ブエノスアイレス(香港/1997)

ブエノスアイレスが舞台の香港映画でTurtlesの"Happy Together"を聞くことになるとは!使われているのは粘着質な原曲ではなく、幾分アッパーなカバーバージョンだ。許諾の関係でやむを得ずカバーになったのかもしれないが、原曲が流れていたら映画から受ける印象は随分変わっていただろう。それについてはまた後ほど触れてみたい。

 

◇本作は20年ほど前のゲイ映画だが、同性同士の恋愛が障壁になっている様子は特に目につかない。セクシャルマイノリティ受容の先進国アルゼンチンにおいて、主人公たちは外聞をはばかる様子なく密着し、派手な痴話げんかを繰り広げている。この時代としては恐らく異例なほど、彼らの存在はごくカジュアルに扱われている。もっとも、この大らかさを欲するがゆえに、主人公たちはかなりの無理をしてまで地球の裏側へやって来なければならなかったのかもしれない。実際にマイノリティゆえの生き辛さと受け取りうる描写は端々に仕込まれている。そういった点を加味してもなお、「どこかに居場所がきっとある」「居場所を見つけにいくらでも出かけられる」という楽観が横溢しているように感じた。それは冷戦終結911テロの狭間という時代が生んだ「小さくなっていく世界」の明るさでもあったのかもしれない。
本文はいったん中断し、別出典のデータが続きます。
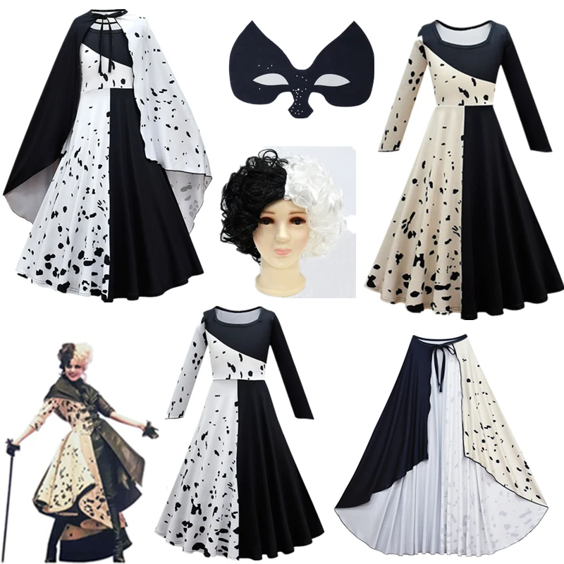 Новинка 2021, костюм для косплея злых мадам кроелла де Виль из фильма, детское платье, черное, белое, искусственное платье для вечеринки с накидкой, парик

2017年の作家は「会おうと思えばどこでだって会える」という台詞にこの作品と同じ説得力を持たせることができるだろうか。

 

◇そんなわけでノスタルジックな青春映画としてこの作品を楽しんだのだが、肝心の(?)恋愛の部分は難易度が高すぎた。以下はネタバレになるのだが、とりわけ解釈に困ったのが結末部分である。私は鑑賞後レビューをいくつか読むまで、イグアスの滝を訪れた主人公がウィンからチャンへ心を移したという読解に自信が持てなかった。というのも、ラストで流れる"Happy Together"は「君は僕の人生でただ一人の運命の人だから、一緒に幸せになろう」という歌なのだ。主人公が映画の大半を費やした恋を捨てた直後に流れる曲として、すんなりと納得できるチョイスではない。しかしどうやら主人公の心変わりは間違いなさそうなので、選曲の方に理由を見出さなければならないようだ。三人の関係性をこの曲に合わせてトリミングするとしたら、置いていかれたウィン→主人公という構図以外はありえないだろう。だがウィン視点をエンディングでわざわざ取り上げるとは思えないし、曲調も(陰にこもったオリジナルverならともかく)置いていかれた男の嘆き節にはほど遠い。三人の関係性を重ねたわけではないとすると、主人公の生き方や映画の世界観を表しているのだろうか。主人公がウィンにもチャンにも運命を感じていたのだとすれば、「運命を感じた人と幸せになればいい。そういう人は現れるから」という歌のような気もしてくる。場所も人間関係も変えながら、試行錯誤する主人公を励ますようなこの映画は、迷える人に向けた人生賛歌なのかもしれない。